▸ **Task to carry out**
Write out every entry precisely as given, leaving the pictures out.

▸ **Stored data**
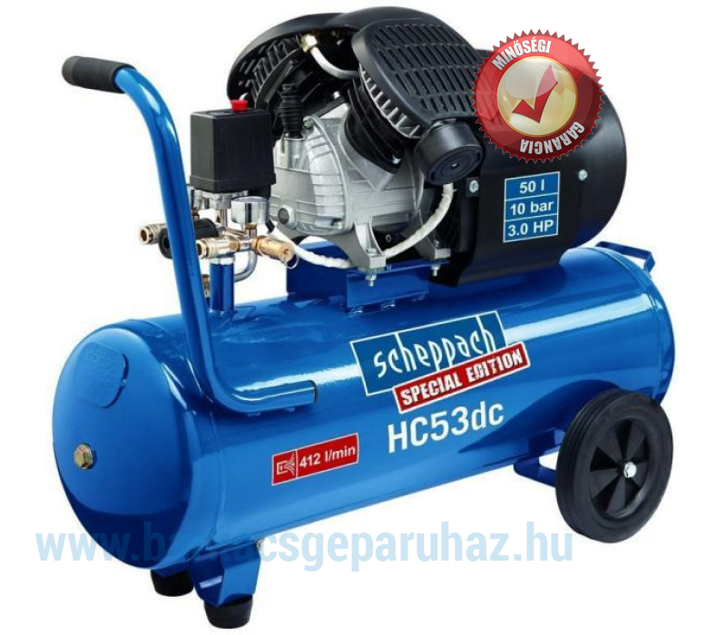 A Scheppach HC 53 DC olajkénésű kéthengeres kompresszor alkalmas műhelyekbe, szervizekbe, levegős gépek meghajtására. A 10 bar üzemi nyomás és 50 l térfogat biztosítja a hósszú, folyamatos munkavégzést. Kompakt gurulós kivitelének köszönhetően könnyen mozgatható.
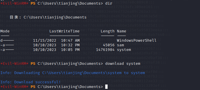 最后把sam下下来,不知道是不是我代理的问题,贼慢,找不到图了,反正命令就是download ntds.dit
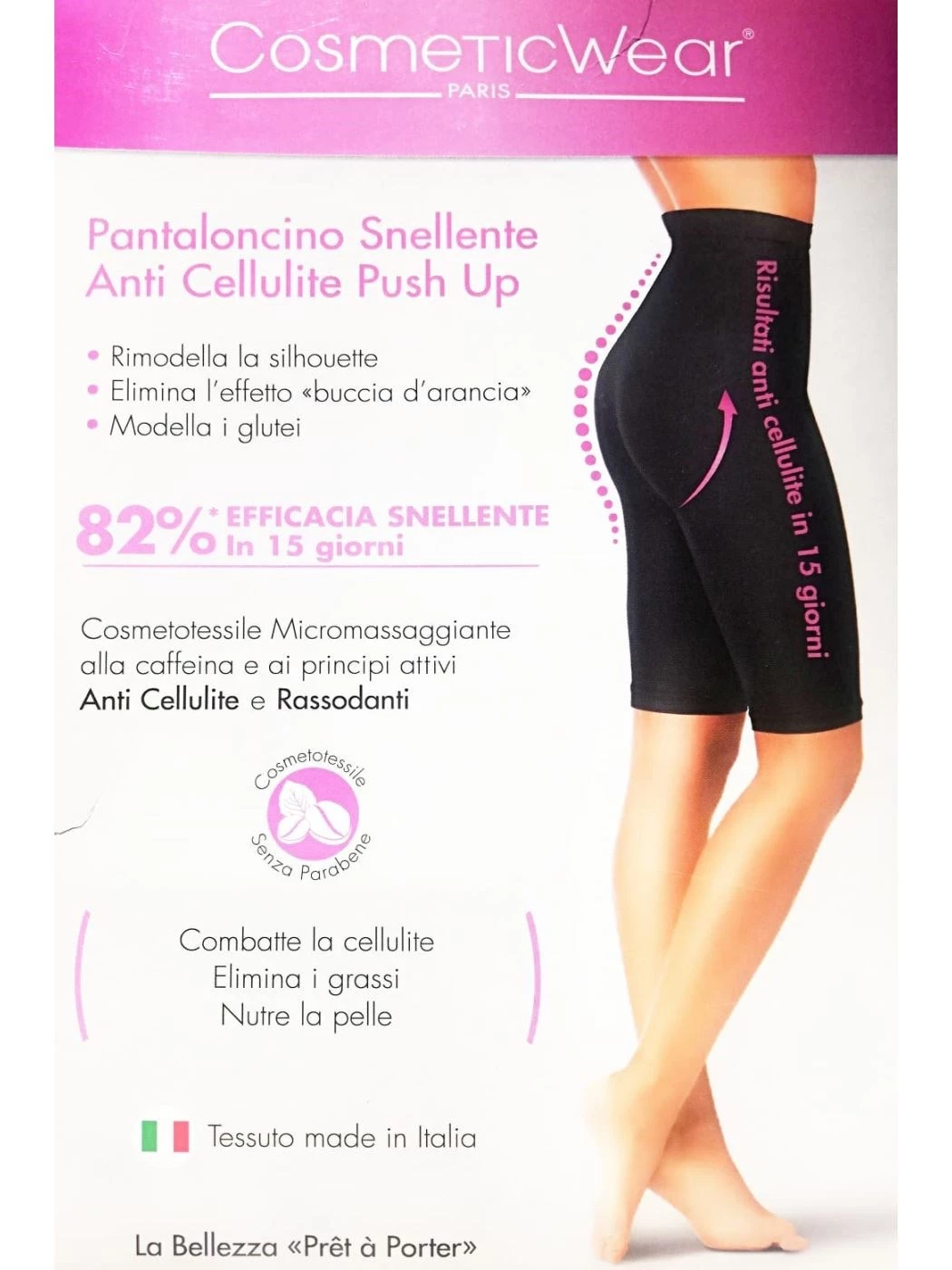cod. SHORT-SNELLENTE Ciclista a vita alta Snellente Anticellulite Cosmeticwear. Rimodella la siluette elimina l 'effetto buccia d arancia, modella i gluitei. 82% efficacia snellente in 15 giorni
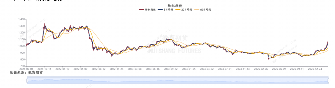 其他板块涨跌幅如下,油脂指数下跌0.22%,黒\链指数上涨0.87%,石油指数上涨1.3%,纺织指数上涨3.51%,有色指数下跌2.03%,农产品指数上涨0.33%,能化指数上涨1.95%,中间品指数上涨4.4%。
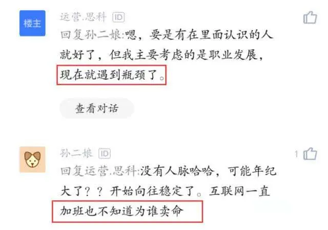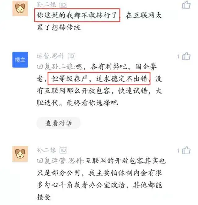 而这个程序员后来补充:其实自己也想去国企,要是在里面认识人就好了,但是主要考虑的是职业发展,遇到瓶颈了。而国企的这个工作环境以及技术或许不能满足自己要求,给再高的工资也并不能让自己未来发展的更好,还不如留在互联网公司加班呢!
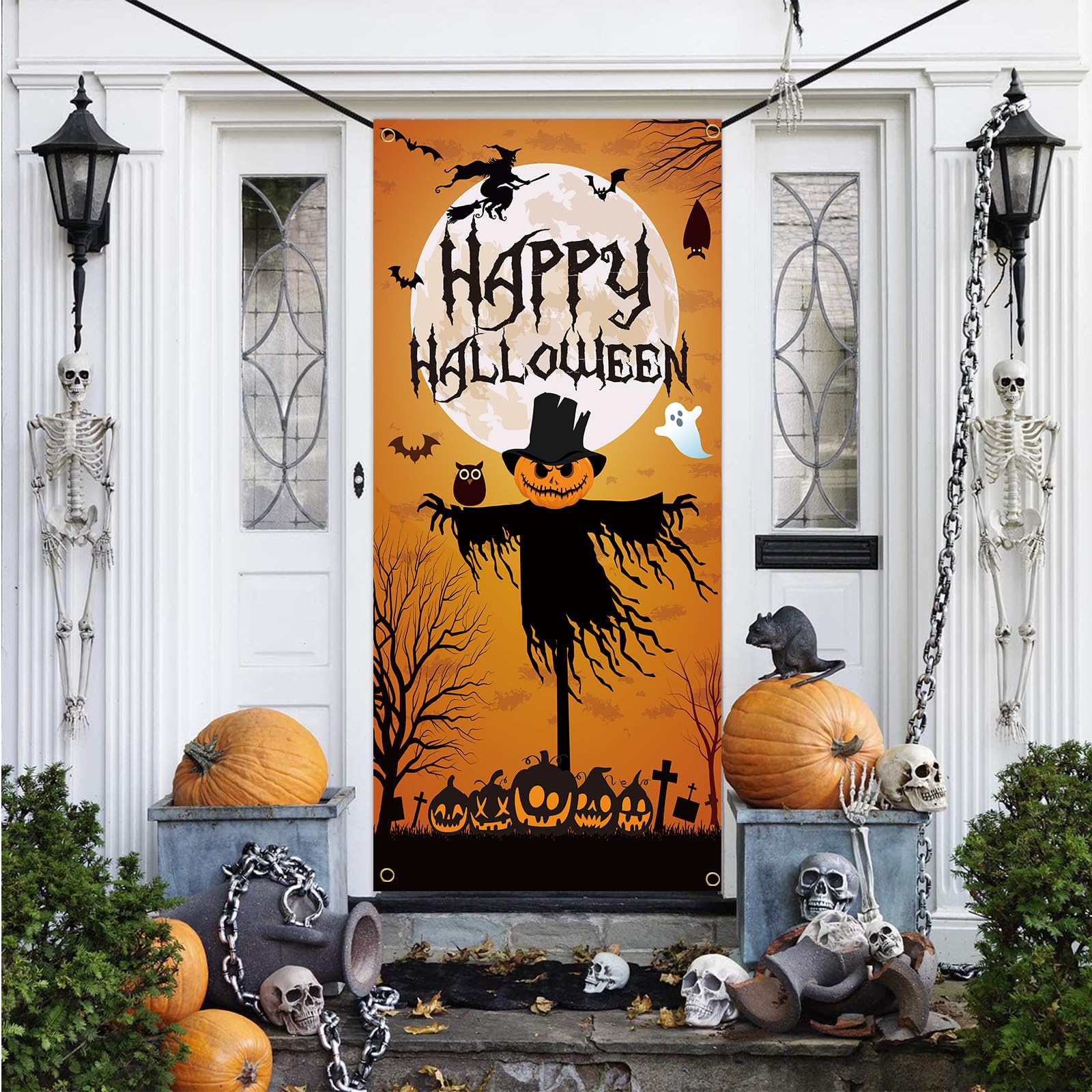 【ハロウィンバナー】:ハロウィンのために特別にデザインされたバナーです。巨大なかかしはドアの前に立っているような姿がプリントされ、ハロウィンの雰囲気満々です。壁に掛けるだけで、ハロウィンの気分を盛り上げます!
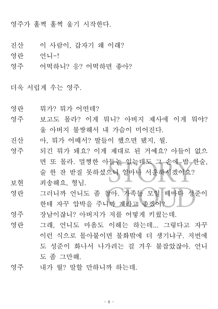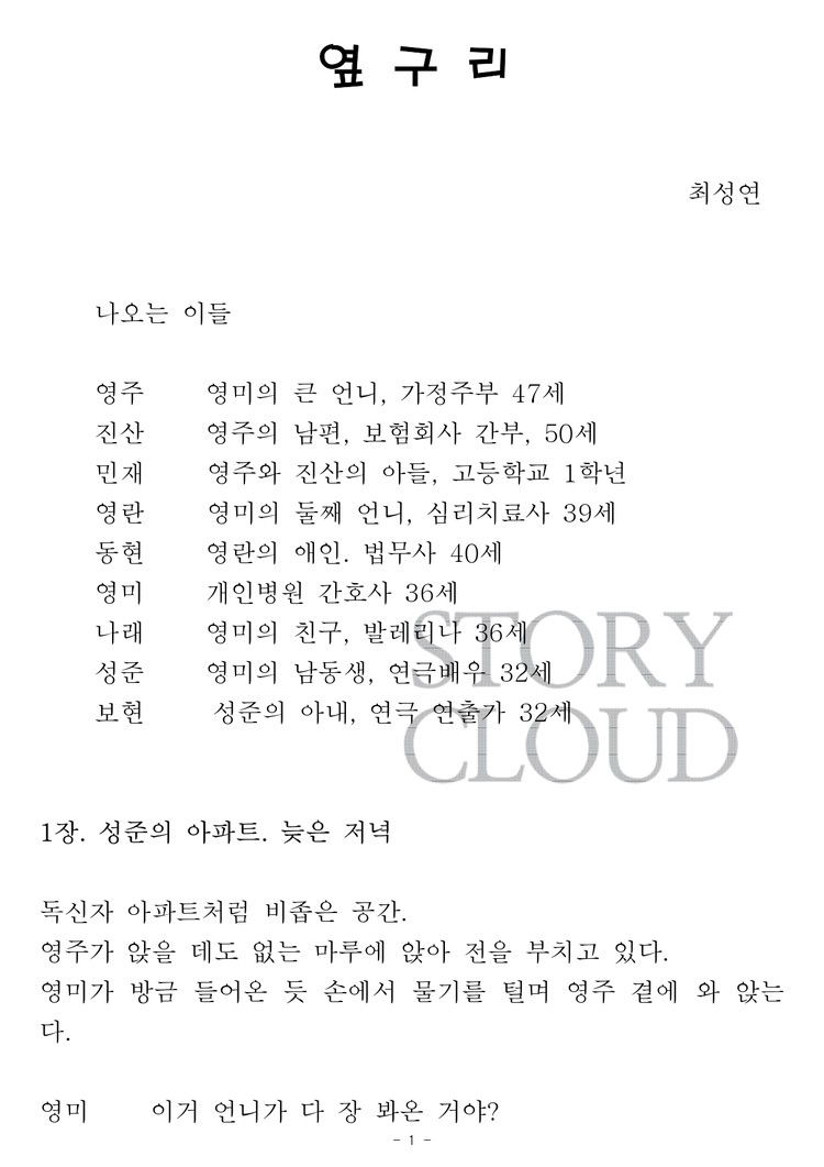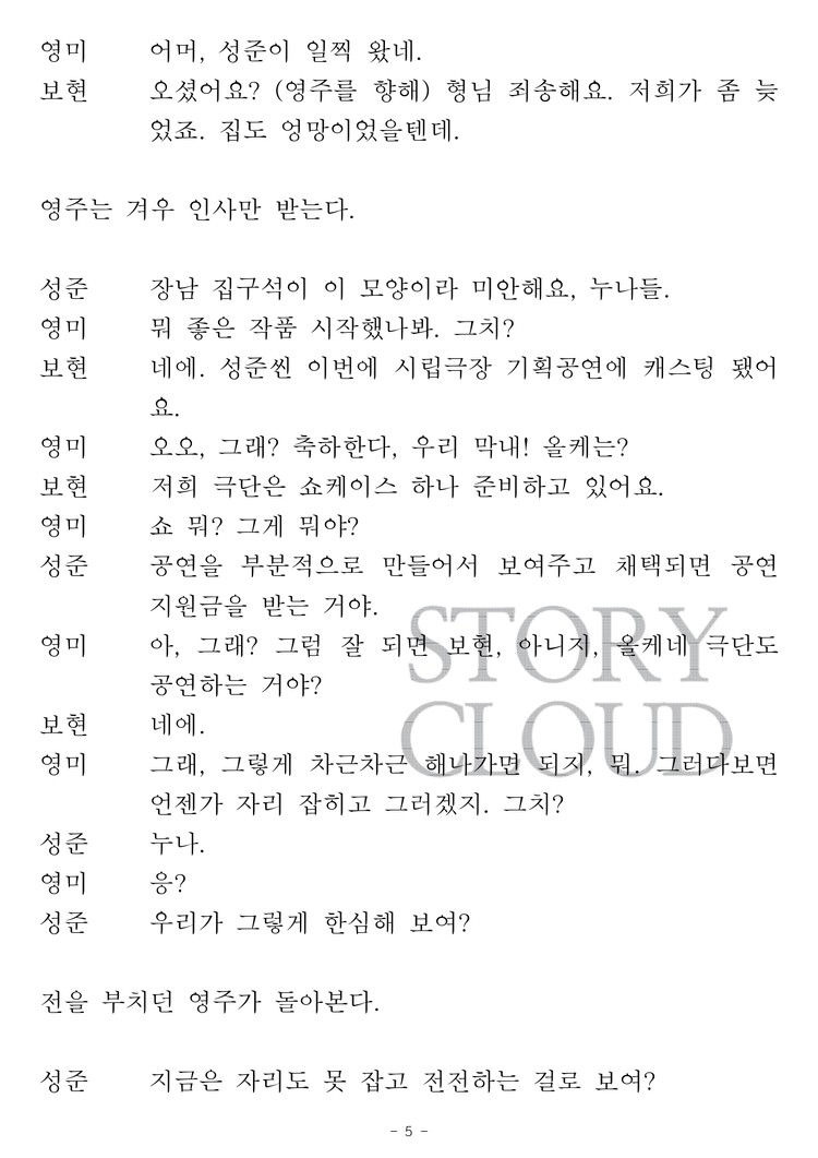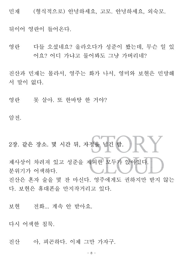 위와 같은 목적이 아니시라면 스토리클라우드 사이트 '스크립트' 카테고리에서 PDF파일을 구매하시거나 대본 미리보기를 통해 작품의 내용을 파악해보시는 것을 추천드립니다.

▸ **The completed task**
 A Scheppach HC 53 DC olajkénésű kéthengeres kompresszor alkalmas műhelyekbe, szervizekbe, levegős gépek meghajtására. A 10 bar üzemi nyomás és 50 l térfogat biztosítja a hósszú, folyamatos munkavégzést. Kompakt gurulós kivitelének köszönhetően könnyen mozgatható.
 最后把sam下下来,不知道是不是我代理的问题,贼慢,找不到图了,反正命令就是download ntds.dit
cod. SHORT-SNELLENTE Ciclista a vita alta Snellente Anticellulite Cosmeticwear. Rimodella la siluette elimina l 'effetto buccia d arancia, modella i gluitei. 82% efficacia snellente in 15 giorni
 其他板块涨跌幅如下,油脂指数下跌0.22%,黒\链指数上涨0.87%,石油指数上涨1.3%,纺织指数上涨3.51%,有色指数下跌2.03%,农产品指数上涨0.33%,能化指数上涨1.95%,中间品指数上涨4.4%。
 而这个程序员后来补充:其实自己也想去国企,要是在里面认识人就好了,但是主要考虑的是职业发展,遇到瓶颈了。而国企的这个工作环境以及技术或许不能满足自己要求,给再高的工资也并不能让自己未来发展的更好,还不如留在互联网公司加班呢!
 【ハロウィンバナー】:ハロウィンのために特別にデザインされたバナーです。巨大なかかしはドアの前に立っているような姿がプリントされ、ハロウィンの雰囲気満々です。壁に掛けるだけで、ハロウィンの気分を盛り上げます!
 위와 같은 목적이 아니시라면 스토리클라우드 사이트 '스크립트' 카테고리에서 PDF파일을 구매하시거나 대본 미리보기를 통해 작품의 내용을 파악해보시는 것을 추천드립니다.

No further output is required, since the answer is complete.